▶ _What the task requires_
Exactly as written, reproduce the lines from the beginning of the data through the line containing "A room situated"; the pictures are not reproduced.

▶ _Data for this task_
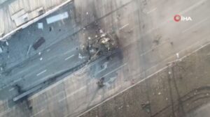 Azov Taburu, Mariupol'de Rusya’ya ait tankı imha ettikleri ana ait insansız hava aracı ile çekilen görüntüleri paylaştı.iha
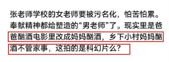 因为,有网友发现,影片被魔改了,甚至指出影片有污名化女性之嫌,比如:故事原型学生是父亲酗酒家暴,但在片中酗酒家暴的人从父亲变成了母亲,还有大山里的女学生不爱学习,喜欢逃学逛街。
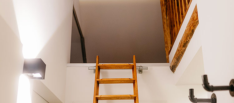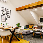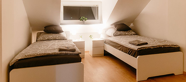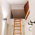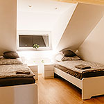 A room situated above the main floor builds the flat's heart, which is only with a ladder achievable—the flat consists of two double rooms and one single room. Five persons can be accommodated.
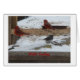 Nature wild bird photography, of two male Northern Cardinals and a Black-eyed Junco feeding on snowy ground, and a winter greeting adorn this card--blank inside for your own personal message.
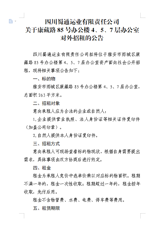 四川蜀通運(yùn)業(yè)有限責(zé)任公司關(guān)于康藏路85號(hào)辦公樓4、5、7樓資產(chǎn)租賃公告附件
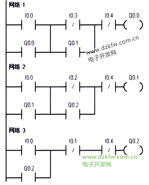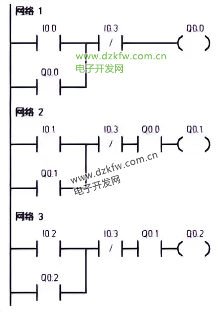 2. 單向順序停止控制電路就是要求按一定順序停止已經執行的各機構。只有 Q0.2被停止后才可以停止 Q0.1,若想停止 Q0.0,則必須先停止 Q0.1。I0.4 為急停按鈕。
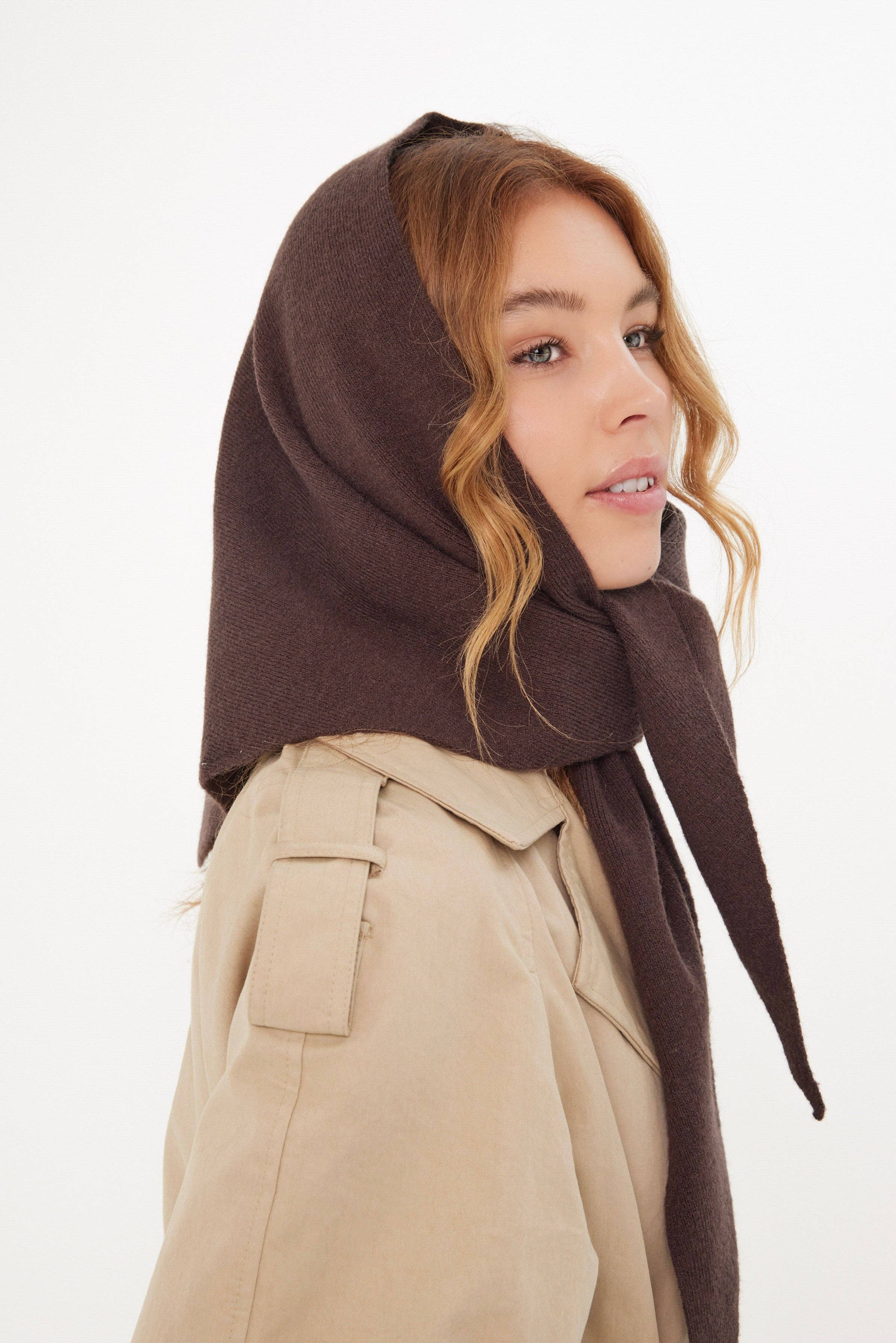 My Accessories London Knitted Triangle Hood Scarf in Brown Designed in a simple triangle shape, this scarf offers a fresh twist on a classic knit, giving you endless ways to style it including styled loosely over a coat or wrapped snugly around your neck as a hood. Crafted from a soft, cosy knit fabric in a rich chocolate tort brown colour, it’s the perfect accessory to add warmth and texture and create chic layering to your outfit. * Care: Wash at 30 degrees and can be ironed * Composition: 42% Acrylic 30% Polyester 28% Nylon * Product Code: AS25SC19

▶ _Response below_
 Azov Taburu, Mariupol'de Rusya’ya ait tankı imha ettikleri ana ait insansız hava aracı ile çekilen görüntüleri paylaştı.iha
 因为,有网友发现,影片被魔改了,甚至指出影片有污名化女性之嫌,比如:故事原型学生是父亲酗酒家暴,但在片中酗酒家暴的人从父亲变成了母亲,还有大山里的女学生不爱学习,喜欢逃学逛街。
 A room situated above the main floor builds the flat's heart, which is only with a ladder achievable—the flat consists of two double rooms and one single room. Five persons can be accommodated.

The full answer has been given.